Que penser de Colin Powell, décédé cette semaine à l’âge de quatre-vingt-quatre ans ? Il était beaucoup de choses : un Américain par excellence ; un fils d’immigrés ; un optimiste invétéré qui a conseillé de ne pas « prendre conseil de vos peurs ou de vos détracteurs » et que « l’optimisme perpétuel est un multiplicateur de force ».

Divulgation complète: j’ai travaillé avec Powell au ministère de la Défense de l’administration Jimmy Carter et encore une fois lorsqu’il était président des chefs d’état-major interarmées et que je faisais partie du personnel du Conseil de sécurité nationale sous le président George H.W. Buisson. J’ai travaillé pour lui lorsqu’il était secrétaire d’État et j’ai dirigé son équipe de planification politique sous le président George W. Bush. Il a été un bon ami pendant plus de quatre décennies.

Powell croyait que la fonction publique était une vocation honorable. Il doit être considéré comme un soldat-homme d’État dans la tradition de Dwight D. Eisenhower et George C. Marshall. Comme eux deux, c’était un homme de modération et de pragmatisme, pas d’idéologie. Il a évolué de manière transparente entre les mondes civil et militaire et entre les mondes des politiciens et des fonctionnaires de carrière. Il a compris que la force militaire et la diplomatie n’étaient pas des opposés mais plutôt des outils de sécurité nationale complémentaires.

Nous sommes tous encadrés par nos expériences précoces dans la vie, et Powell ne faisait pas exception. Pour lui, c’était la guerre du Vietnam, où il a effectué deux tournées en tant que jeune officier de l’armée. Il a pris pleinement conscience de la façon dont une politique mal avisée et un mauvais leadership peuvent coûter des vies et détruire des institutions. Powell est sorti méfiant des abstractions mondiales concoctées à Washington qui peuvent avoir des implications coûteuses lorsqu’elles sont mises en œuvre dans des localités à l’autre bout du monde. Au lieu de cela, comme c’est le cas pour la plupart des gens ayant une expérience militaire directe, la guerre pour Powell était réelle, souvent trop réelle.

L’expérience de Powell au Vietnam a profondément influencé sa réflexion sur l’utilisation de la force militaire.

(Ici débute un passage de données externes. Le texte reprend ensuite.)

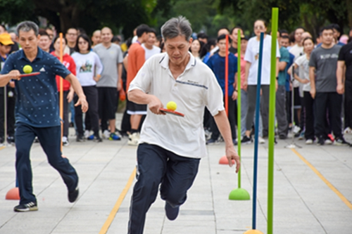 岭师新闻中心讯:11月21日,第九届教工趣味运动在雷阳广场正火热进行中。今天的决赛项目共有七个,有超级保龄球、车轮滚滚、托网球“S型”绕杆接力等等,教工们轻装上阵,早早在比赛场地等候检录,现场一片欢声笑语,气氛十分活跃。教工们把此次活动当作一次放松身心的游戏,坚持友谊第一,比赛第二。

La doctrine qui porte son nom fixe des critères à prendre en considération avant que la force ne soit utilisée. La doctrine de Powell est un plaidoyer pour utiliser l’armée avec prudence, voire pas du tout. Comme les philosophes qui ont promulgué la théorie de la guerre juste, Powell considérait la guerre comme un dernier recours. Articulée au lendemain de la guerre du Golfe axée sur le champ de bataille et plus tard, au milieu de débats sur des interventions moins claires et moins traditionnelles dans les Balkans et en Somalie, la doctrine de Powell soutenait que des questions devaient être posées avant d’employer la force militaire. Y a-t-il des objectifs importants et clairs que la force militaire pourrait mieux accomplir ? Les avantages probables dépasseraient-ils les coûts attendus ? Comment l’utilisation initiale de la force militaire changerait-elle la situation et quoi alors ? C’est cette dernière question qui a déclenché sa référence à la règle dite de Pottery Barn : si vous la brisez, vous la possédez. Powell a compris que la mesure d’une intervention n’est pas comment elle commence mais comment elle se termine.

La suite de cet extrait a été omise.